By Mollie Hemingway, The Federalist
Most Reporters Are Simply Too Ignorant To Handle The Job
In the aftermath of the abominable media coverage of Arizona’s religious liberty bill, an editor shared his hypothesis
that journalists care about freedom of speech and of the press because they practice them. And journalists don’t care about freedom of religion because they don’t.
But one of the most interesting things about modern media’s deep hostility toward the religious, their religions, and religious liberty in general is that press freedom in America is rooted in religion.
[…] Moving forward nearly 300 years, we have a press that loathes and works actively to suppress this religious liberty, as confident in being on the “right side of history” as they are ignorant of natural rights, history, religion and basic civility.A broad religious liberty bill — renamed by a juvenile and nakedly activist press as “anti-gay” — gives us a good opportunity to see this dynamic in action.
Perhaps a framework for understanding the truth-avoiding goat rodeo the media participated in is in order. Here’s one provided by Jon Swerens, which he calls the “OOOOOPSI” model:
Opportunity: First, we need a hot-button event that is a proper catalyst for the cycle. Recent examples were supplied by Chick-fil-A, Hobby Lobby, Susan G. Komen, and now, Arizona’s proposed law.
Outrage: Next, those on the opposite side of the culture wars make a lot of noise about “fairness” and “bigotry” and “tolerance.” Maybe they have a point, or maybe not, but it’s an important step in the news cycle.
Opposition: Then, the national media by and large adopts the definitions brought to them by the outraged. For example, in this week’s Arizona story, the media labeled the bill “anti-gay,” without the scare quotes. Such labeling was a tremendous victory for the outraged.
Oversimplification: As a part of its coverage, the media fails to add any nuance to the debate or closely examine the actual facts of what’s being argued, preferring to cover the horse race of two competing interests beating each other up.

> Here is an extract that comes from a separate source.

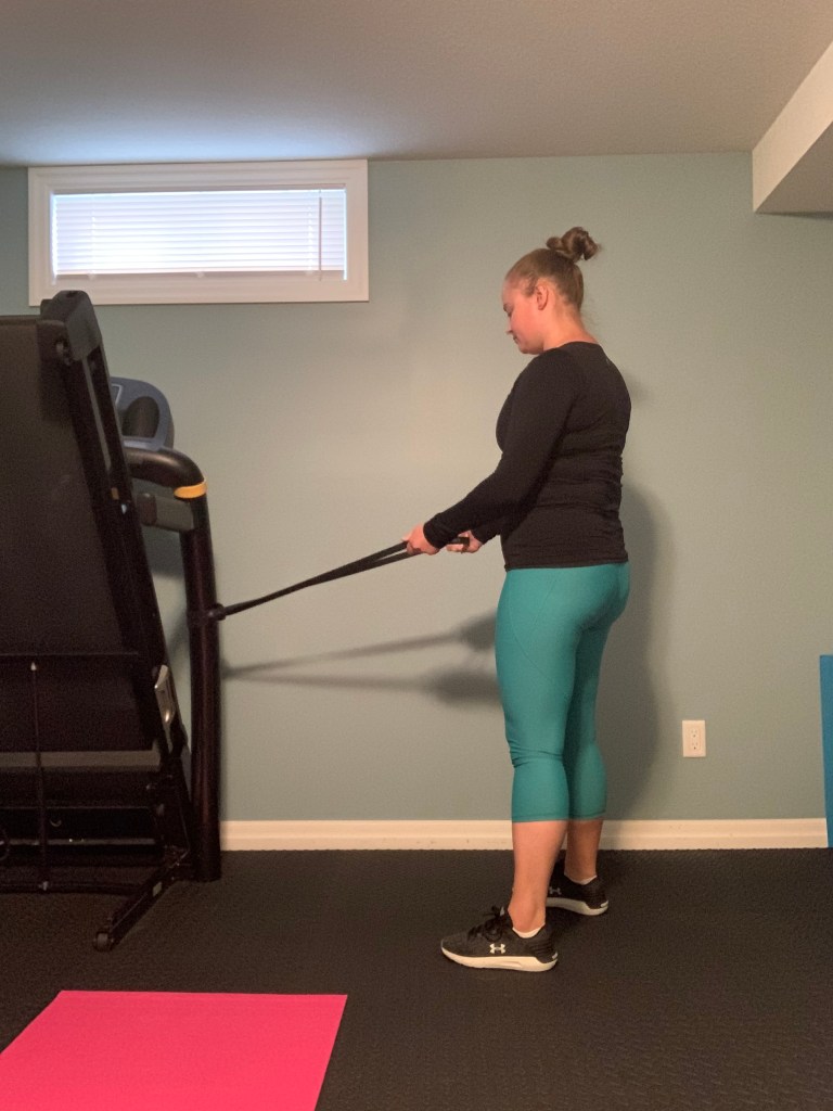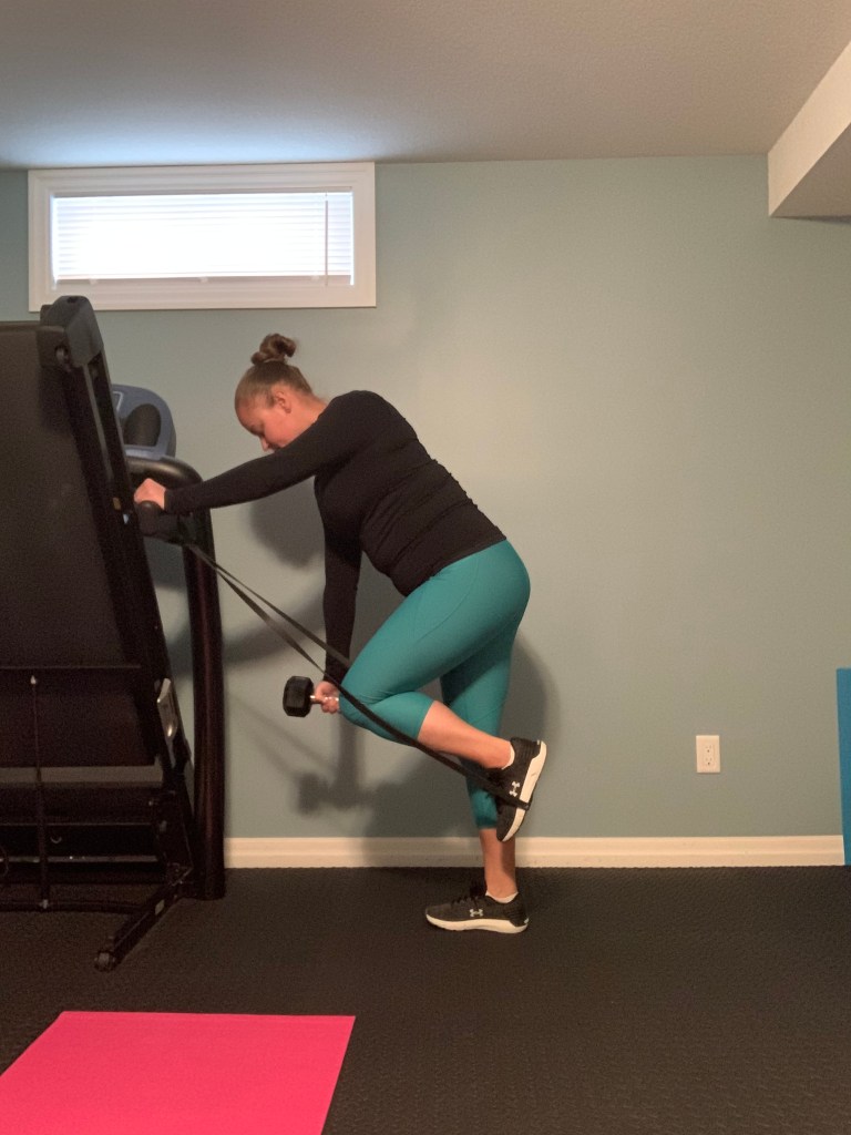 Anchor your band at about chest height and place your foot through the band. Ensure you have a slight bend in your knee of the standing leg. Grab a dumbbell in the opposite hand (as the foot that will be kicking back). Once in starting position kick your foot out behind you keeping your core tight and a neutral spine. As you kick your foot out row the dumbbell up and squeeze your shoulder blades together as you do so. Return to your starting position. Ensure that you complete on both sides.

Overreach: At some point, a mainline media outlet gets too cocky and goes a step too far in its boosterism. Other media momentarily shrink back in embarrassment.
Pendulum: Prompted by this misstep, a few media commentators rub their chins and publish thoughtful analysis pieces that ask if everyone is being a little too hard on the accused. The accused is still wrong, mind you, but we can be nicer about it.
Silence: After this, coverage ceases as the nation’s attention runs elsewhere.